Avoiding branches/if/conditionals
Why? well because misspredictable branches are very slow on modern CPUs, doing 10 or more simple arithemetic operations can be faster, but also keep in mind that:
- compilers sometimes compile conditional code to very efficient unconditional code, while they might not recognize your branchless code es equivalent
- if the branch is well predictable it will probably be faster then the branchless code
Building blocks of branchless code
Turning comparissions into masks or 0/1
a<0 | a>>31 |
a!=0 | (a|-a)>>31 |
a<b | (a-b)>>31 |
a>b | (b-a)>>31 |
a≤b | (a-b-1)>>31 |
a≥b | (b-a-1)>>31 |
Note, you might want to replace 31 by the number of bits in whatever type you use and cast to a signed type if you want a bit mask (-1/0) or unsigned type if you want (1/0)
allso keep in mind that (a<b) and such will give you (1/0) too
converting bitmasks to 0/1
well, thats trivial, there are many ways, some even flip the 0/1 in the process
mask&1, -mask, mask+1
converting 0/1 to masks
-x, x-1
flipping the 0/1 value
x^1, 1-x
flipping the mask value
x^(-1), ~x
switch between 2 variables depening upon a mask
b+((a-b)&mask), b^((a^b)&mask)
convert mask to 0/x
mask&x
convert mask to -1/x
mask|x
Note: usefull for (-1/0) -> (-1/1)
add/sub x depening upon a mask
a += x&mask
Note, dont forget a+=mask / a-=mask for x=1/-1
negate depening upon a mask
a = (a^mask) – mask
minimum of 2 variables
b+((a-b)&((a-b)>>31))
maximum of 2 variables
a-((a-b)&((a-b)>>31))
shift by s depending upon a mask
a>>= s&mask, a< <=s&mask, a += ((a>>s)-a)&mask
Note, that shifting by a constant might be faster
exchanging 2 values depending upon a mask
a^=b
b^=a&mask
a^=b
Note, the mask doesnt need to be 0/-1 it could have just some bits set
logical operations between masks
well, that really should be obvious AND a&b, OR a|b, XOR a^b, NOT ~a
I remember seeing a bunch of stuff like this in the assembly code that TuxNES generates. (Hi Mike)
It also had this optimization:
For unsigned values, (x>a)&&(x
Comment by None — 2006-01-30 @ 15:28
err.. (x>a)&&(x<b) is equivalent to (x-a)<(b-a)
this time with <… :)
Comment by None — 2006-01-30 @ 15:35
yes, and for a=0 this becomes x<b
and big surprisse it works for signed values too, for example:
(x>-10)&&(x<10) == (unsigened)(x+10)<20
PS: mike (melanson) != michael (niedermayer)
Comment by Michael — 2006-01-30 @ 17:09
Yes, but most of this stuff breaks if you’re not careful about signedness and range.
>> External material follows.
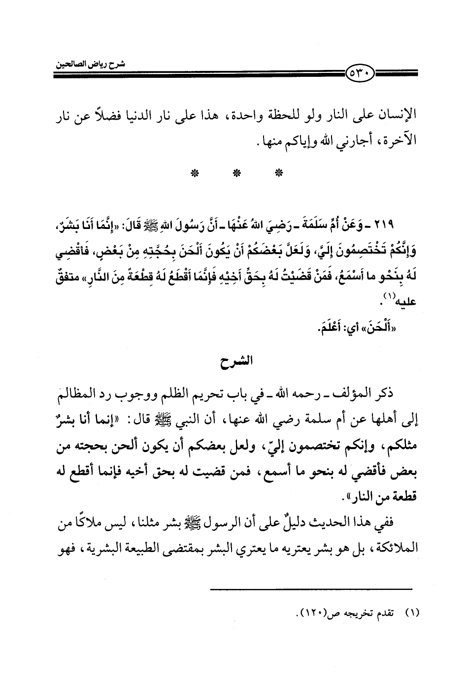 EXذكر المؤلف - رحمه الله - باب تحريم الظلم ووجوب رد المظالم إلى أهلها عن أم سلمة رضي الله عنها، أن النبي صلى الله عليه وسلم قال: " إنما أنا بشرٌ مثلكم، وإنكم تختصمون إليّ، ولعل بعضكم أو يكون ألحن بحجته من بعض فأقضي له بنحو ما أسمع، فمن قضيت له بحق أخيه فإنما أقطع له قطعة من النار".

For example
(0x80000000<0x7FFFFFFF)==1 but (0x80000000-0x7FFFFFFF)>>31==0 !
This can be a source of bugs if you’re not careful.
Note that if you compile on x86, some of these optimizations don’t make much difference. For example, the compiler should emit a<b as a setl instruction, which isn’t a conditional branch and doesn’t stall the pipeline. So you need to look at the instructions that actually get generated…
Comment by None — 2006-01-31 @ 04:27
You’re a better hacker than I, Mr. None– I just branched the Nestra source into TuxNES. I never claimed to understand how the dynamic recompiler worked! :)
Comment by Multimedia Mike — 2006-01-31 @ 08:04